**Exercise requirements:** Make an exact copy of the lines from the one containing "マタニティショーツ マタニティ用 深め" through the end of the material, including both ends but no pictures.

**Information given:**
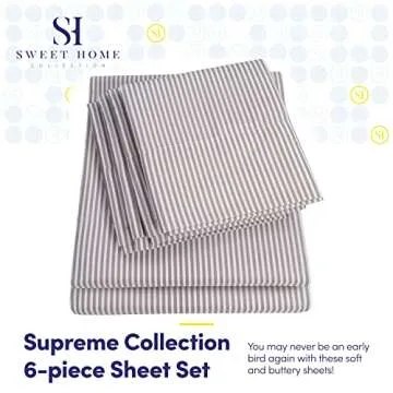Queen Sheets Stripe Grey - 6 Piece 1500 Supreme Collection Fine Brushed Microfiber Deep Pocket Queen Sheet Set Bedding - 2 Extra Pillow Cases, Great Value, Queen, Classic Stripe Gray
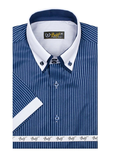 Customer feedback Men's Striped Short Sleeve Shirt Navy Blue Bolf 1808
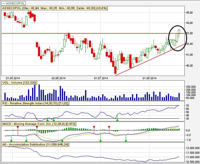 to tutaj wskaźniki wskazują na potencjalną drobną koretkę w krótkim terminie. Punkt 70 na RSI jest kluczowy. Pozytywne jest jednak przełamanie oporu na poziomie 43 zł (o którym już wspominałem), co przemawia za wzrostami w średnioterminowym okresie.
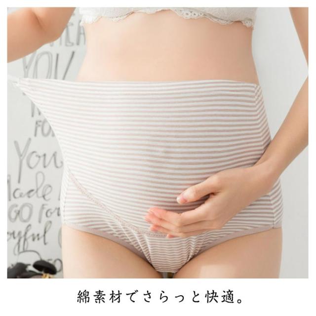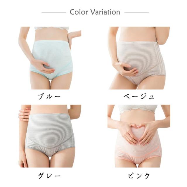 マタニティショーツ マタニティ用 深め 可愛い ボーダー柄 ハイウエストショーツ フィット感 ショーツ 深履き マタニティショーツ 産前 産後 大きいサイズ ストレッチ 綿
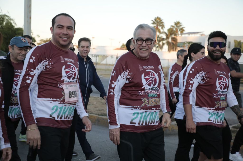 Culiacán, Sinaloa 15 de diciembre de 2024.-* Contribuyendo a fortalecer el bienestar de la sociedad en una ambiente de sana convivencia y espíritu deportivo el Gobernador Rubén Rocha Moya, acompañado del Director del Instituto Sinaloense de Cultura Física y Deporte, Julio César Cascajares, dieron el banderazo de arranque del Primer Medio Maratón ISDE 2024.

**Written answer:**
 マタニティショーツ マタニティ用 深め 可愛い ボーダー柄 ハイウエストショーツ フィット感 ショーツ 深履き マタニティショーツ 産前 産後 大きいサイズ ストレッチ 綿
 Culiacán, Sinaloa 15 de diciembre de 2024.-* Contribuyendo a fortalecer el bienestar de la sociedad en una ambiente de sana convivencia y espíritu deportivo el Gobernador Rubén Rocha Moya, acompañado del Director del Instituto Sinaloense de Cultura Física y Deporte, Julio César Cascajares, dieron el banderazo de arranque del Primer Medio Maratón ISDE 2024.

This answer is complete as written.